=== Begin Enclosure ===

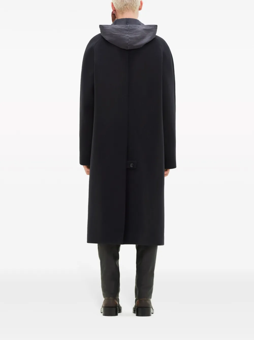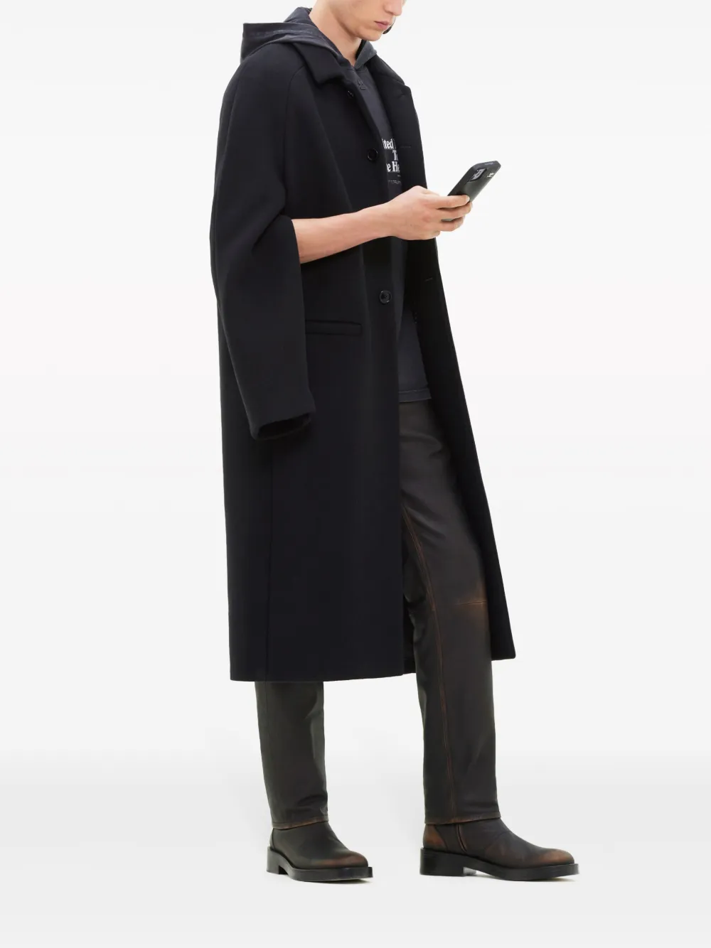 Черный, смесовая шерсть, зазубренные лацканы, застежка на пуговицах спереди, длинные рукава, манжеты на молнии, прямой подол и длинная модель.
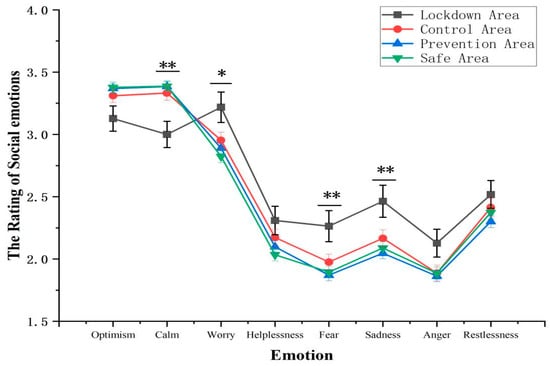 Social emotions in different areas. * p < 0.05, ** p < 0.01.
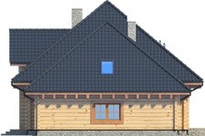 Wysokość ścianki kolankowej: 0.88 m. Strop: drewniany. Pokrycie dachu: dachówka gontopodobna Gerard Corona. Ściany zewnętrzne: płazy drewniane + wełna mineralna + deska. Ściany wewnętrzne: płazy drewniane. Typ ogrzewania: kocioł gazowy lub kocioł na paliwo stałe. Inne: okna połaciowe Velux.
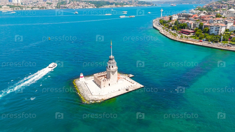 Стамбул, Турция. Детальный вид с воздуха на Башню Девы Киз Кулеси архитектура и структура на Босфоре. Вид с воздуха
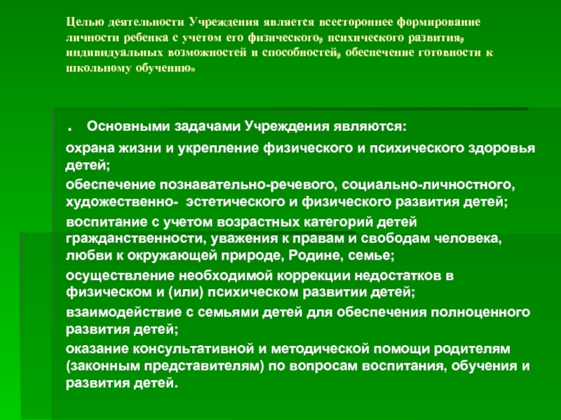 оказание консультативной и методической помощи родителям (законным представителям) по вопросам воспитания, обучения и развития детей.
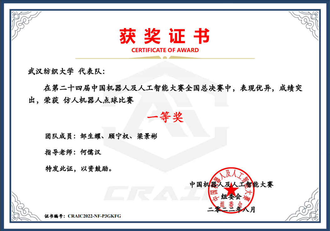 由开云kaiyun体育官方网站何儒汉老师指导的三支代表队:学生邹生耀、顾宁权、梁景彬参加的仿人机器人点球比赛获得全国总决赛一等奖;学生邹生耀、顾宁权、张志众参加的仿人机器人短跑比赛获得全国总决赛一等奖;学生徐东东、唐端、刘书宇参加的单人舞项目获得省级比赛三等奖。

=== End Enclosure ===

> **REQUIREMENT**
Every line above needs to be written out again as it stands. Pictures do not belong in the copy.

> **ANSWER BELOW**
 Черный, смесовая шерсть, зазубренные лацканы, застежка на пуговицах спереди, длинные рукава, манжеты на молнии, прямой подол и длинная модель.
 Social emotions in different areas. * p < 0.05, ** p < 0.01.
 Wysokość ścianki kolankowej: 0.88 m. Strop: drewniany. Pokrycie dachu: dachówka gontopodobna Gerard Corona. Ściany zewnętrzne: płazy drewniane + wełna mineralna + deska. Ściany wewnętrzne: płazy drewniane. Typ ogrzewania: kocioł gazowy lub kocioł na paliwo stałe. Inne: okna połaciowe Velux.
 Стамбул, Турция. Детальный вид с воздуха на Башню Девы Киз Кулеси архитектура и структура на Босфоре. Вид с воздуха
 оказание консультативной и методической помощи родителям (законным представителям) по вопросам воспитания, обучения и развития детей.
 由开云kaiyun体育官方网站何儒汉老师指导的三支代表队:学生邹生耀、顾宁权、梁景彬参加的仿人机器人点球比赛获得全国总决赛一等奖;学生邹生耀、顾宁权、张志众参加的仿人机器人短跑比赛获得全国总决赛一等奖;学生徐东东、唐端、刘书宇参加的单人舞项目获得省级比赛三等奖。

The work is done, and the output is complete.